Podiumsdiskussion, Workshops und sdWomen Strategie-Brunch

Ist Gleichberechtigung bedeutungsgleich mit gleichem Recht für alle?

Gelten für Frauen* dieselben Rechte? Auf den ersten Blick schon – auch das Grundgesetz stellt Männer und Frauen gleich. Doch ist Gleichberechtigung im einfachen Recht tatsächlich überall “gleich” verwirklicht? Und wenn wir den Normbegriff weiterdenken - welchen Normen sind Frauen* unterworfen? Welche Normen sind geschrieben, welche sind strukturell verankert, welche setzen wir uns selber?

Ziele

Wir wollen Normen in den verschiedenen Bereichen eures Lebens beleuchten und hinterfragen – in Beziehungen, der Gesellschaft, im Beruf und auch im Gesetz.

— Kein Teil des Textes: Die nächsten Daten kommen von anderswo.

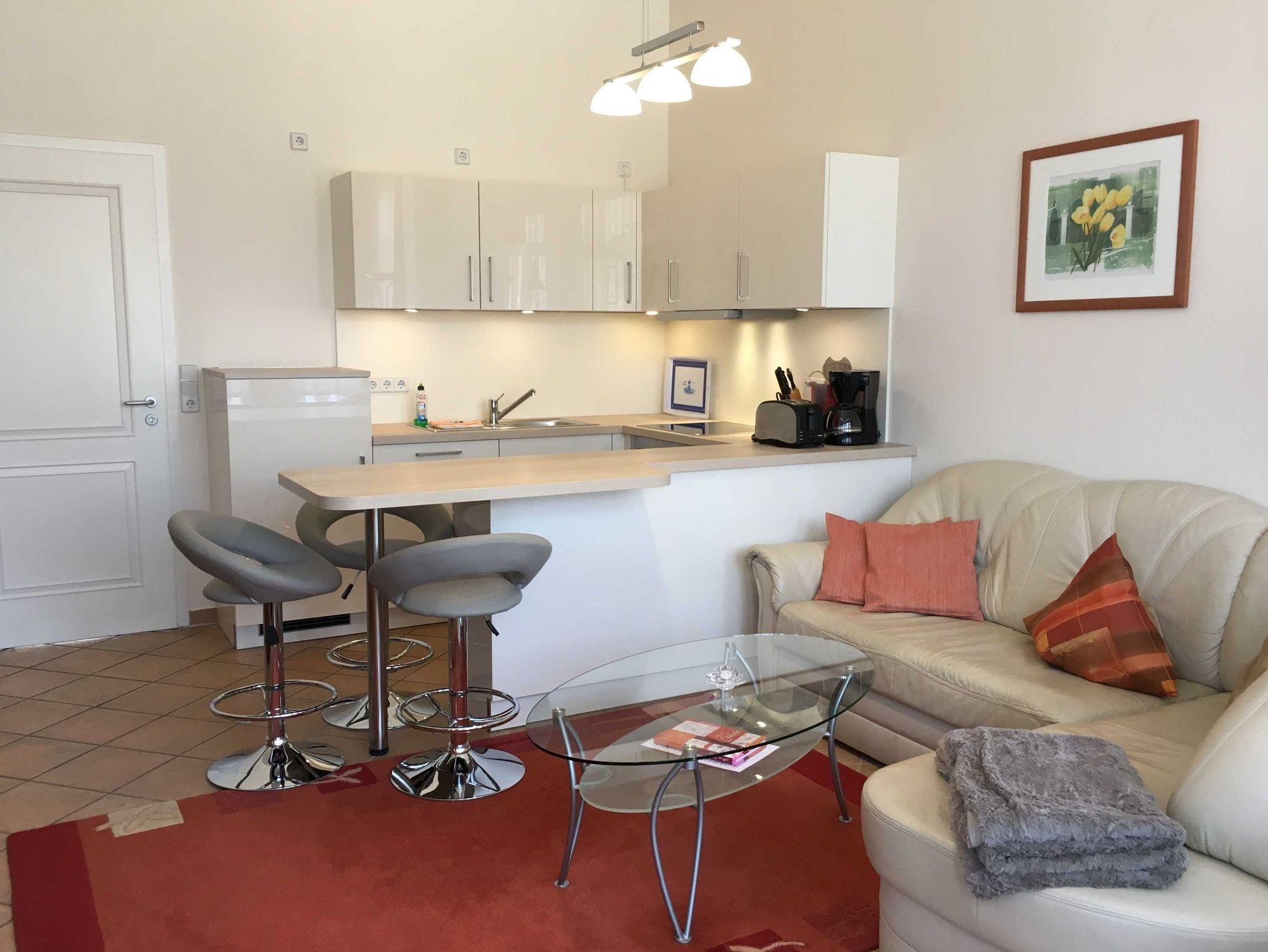 Das moderne 2 Zimmer- Appartement ist ca. 53m² groß und besteht aus einem stilvollen Wohn-Essraum mit Veranda und offener Küchenzeile. Das Schlafzimmer ist mit einem Doppelbett und Kleiderschrank ausgestattet. Zur Wohnung gehören ein großes Badezimmer mit Doppelwaschtisch, Dusche und Badewanne. Hier sind ausschließlich hochwertige Materialien und Marken-Sanitärobjekte verarbeitet worden. Die exklusive Ferienwohnung 7 ist mit italienischen Fliesen und Parkett ausgelegt. Zur Ferienwohnung gehört ein offener Balkon und ein Stellplatz auf dem Gelände.
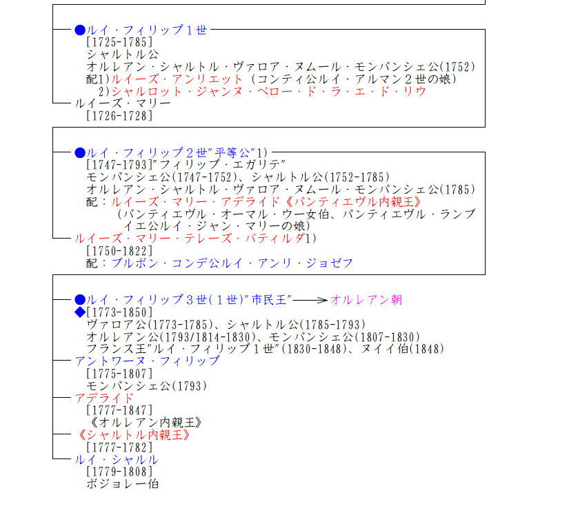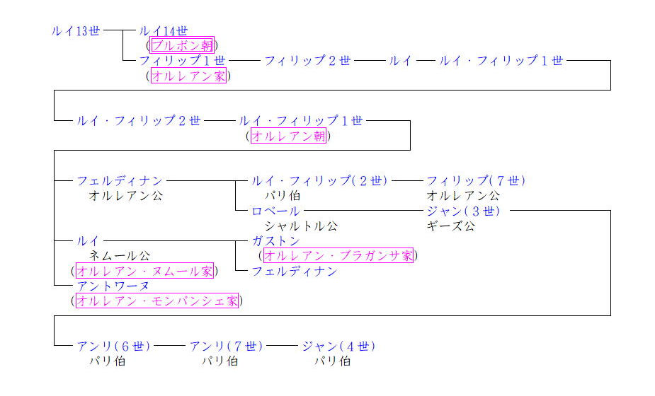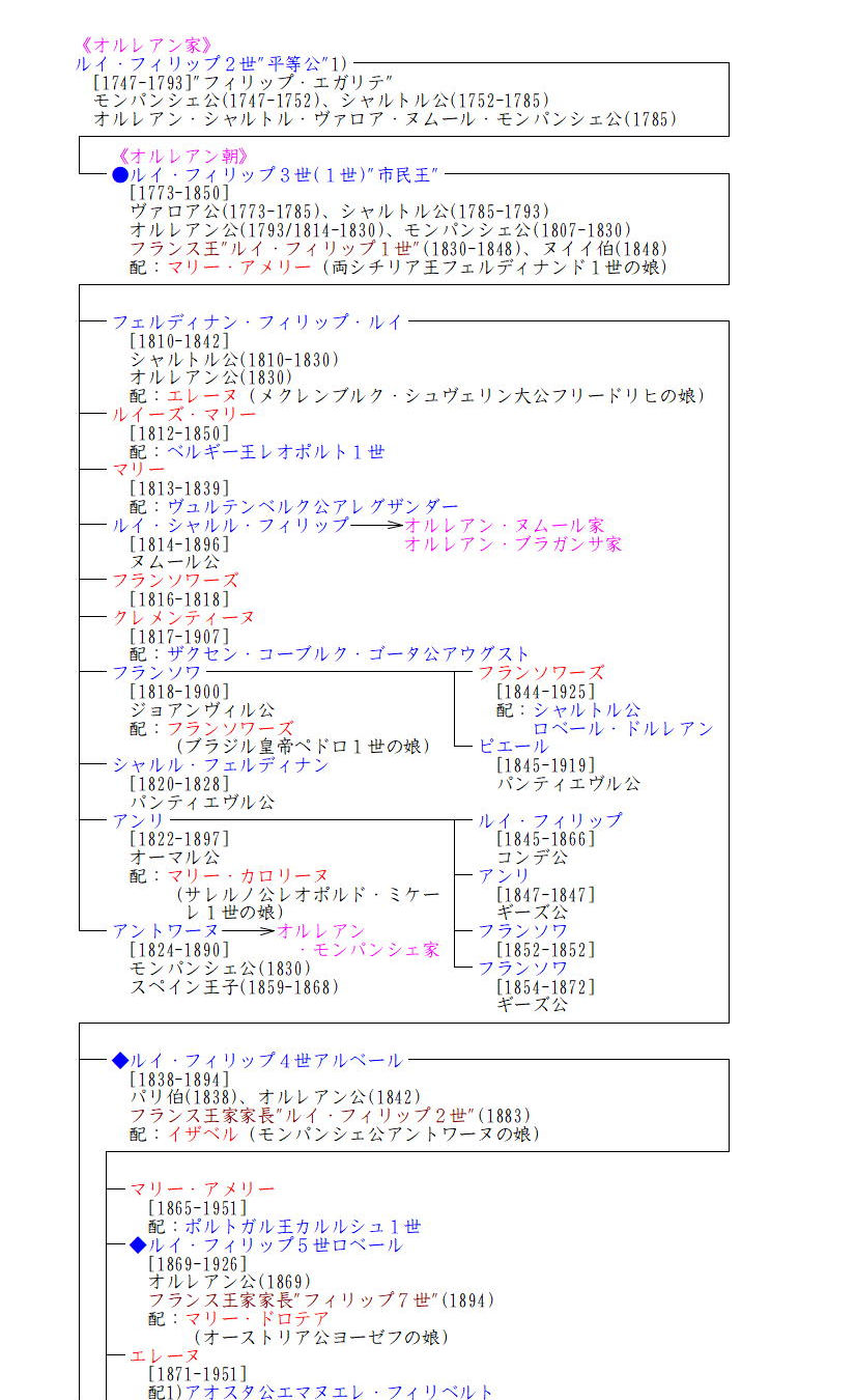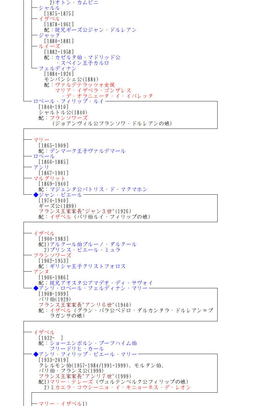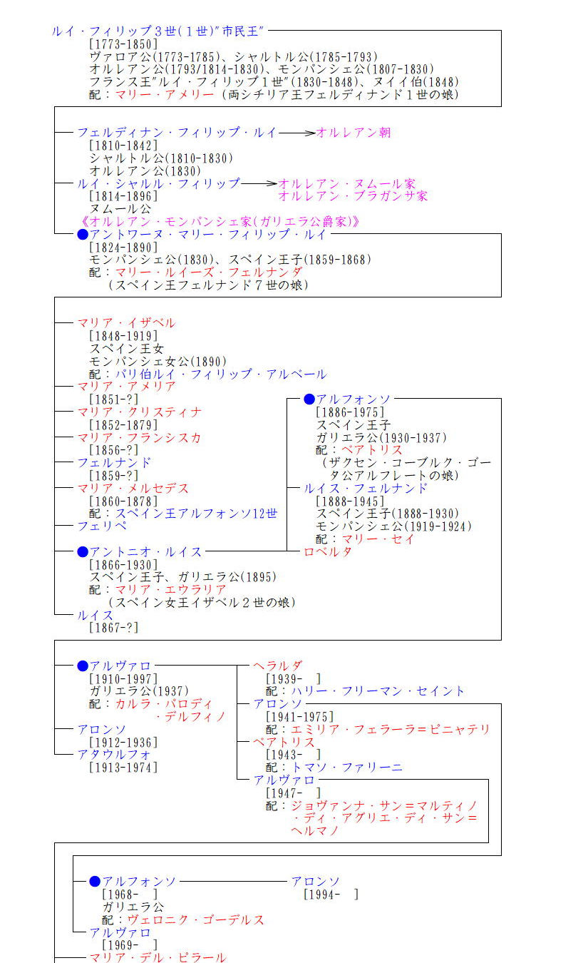 この系統についても系図しか資料がありませんが、フランス王ルイ・フィリップ1世の末子モンパンシェ公アントワーヌを祖とする系統です。

Dazu laden wir euch am Freitag zu einer kontroversen Podiumsdiskussion zum Stand der Gleichberechtigung und am Samstag zu spannenden Sessions zu den Themen Mental Load, Familie (im rechtlichen Sinne) und Ehe(vertrag) ein. Am Ende möchten wir alle nicht nur differenzierter über das Thema Gleichberechtigung denken und diskutieren können, sondern uns auch über Handlungsbedarf klar sein und euch praktisches Handwerkszeug mit an die Hand geben, damit ihr für mehr Gleichberechtigung einstehen könnt.

Einladung

Zur Podiumsdiskussion am Freitag laden wir ausdrücklich alle Alumni und Stipendiat:innen der sdw sowie externe Interessierte unabhängig ihres Genders herzlich ein. Die Workshops am Samstag sind Frauen und Menschen, die sich mit dem weiblichen Geschlecht identifizieren, vorbehalten.

Die Teilnahme am Strategie-Brunch steht allen Mitgliederinnen des Netzwerkes sdWomen offen und ist kostenlos. Wir freuen uns das Netzwerk mit Euch allen weiterzuentwickeln!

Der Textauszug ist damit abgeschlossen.